A couple of weeks ago, a historic event took place, although, from the lack of media coverage, you would not have known it.

On Friday 11 September, the UK’s first climate assembly issued its report on how the UK should achieve a net-zero economy by 2050. 

Its most important recommendation was that the government should summon a second assembly to decide on whether a much earlier net-zero carbon deadline is needed.

The assembly was set up by a coalition of six UK parliamentary committees last year, following the mass protest arrests by Extinction Rebellion outside parliament calling for a citizens assembly to produce a report on a net-zero Britain by 2025.

Parliament chose instead to request to extend that deadline to 2050, despite the science indicating that we are on the cusp of or have already passed irreversible climate tipping-points.

Climate Assembly UK’s membership was chosen by sortition to reflect the UK population in terms of class, race, age and views on the climate emergency.

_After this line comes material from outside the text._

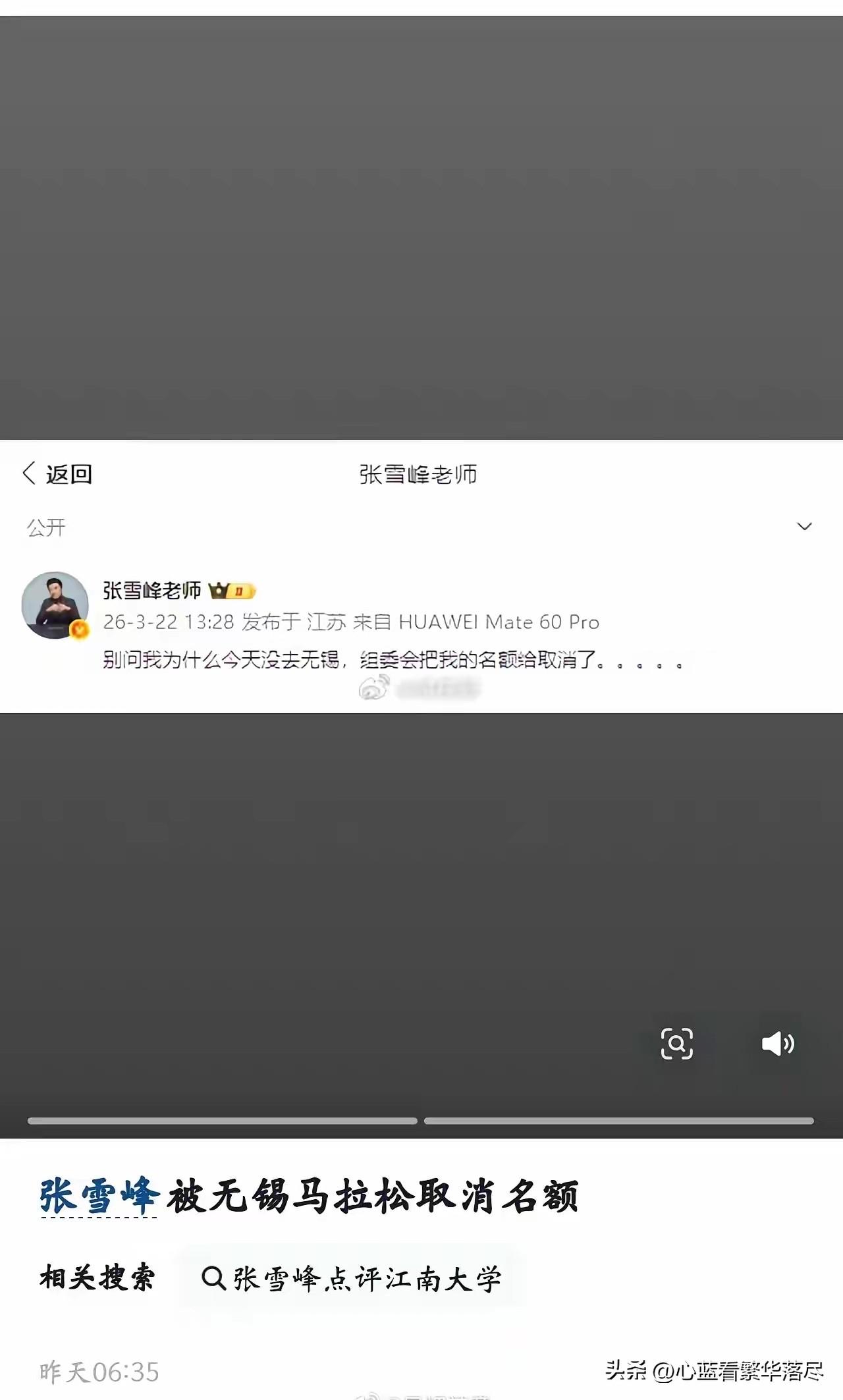 原来就在张雪峰突然去世的前两天,他就被无锡马拉松给取消名额了,但是关于被取消名额的原因,张雪峰却并没有说明具体是什么原因,有位经常参加马拉松的朋友说,张雪峰被无锡马拉松取消名额的原因,很可能就是体检不合格,身体指标不达标,也就是说在张雪峰突然去世的前两天,他就知道了自己的身体健康出了问题,但是却没有引起他的重视,我想这或许还是跟他的性格有关吧?

It then spent several months liaising with various experts across a range of sectors, later producing a 556-page report that goes into depth on each sector, listing recommendations and summarising the debate.  

The assembly format, including as it does the full range of the public’s views on the climate emergency, ranging from those opposing any action, to worried activists, produces a mixture of some radical proposals, a lot of compromises and some impossible contradictions.

To be frank, the report reads like a composite of the major political parties recent manifestoes on climate action.  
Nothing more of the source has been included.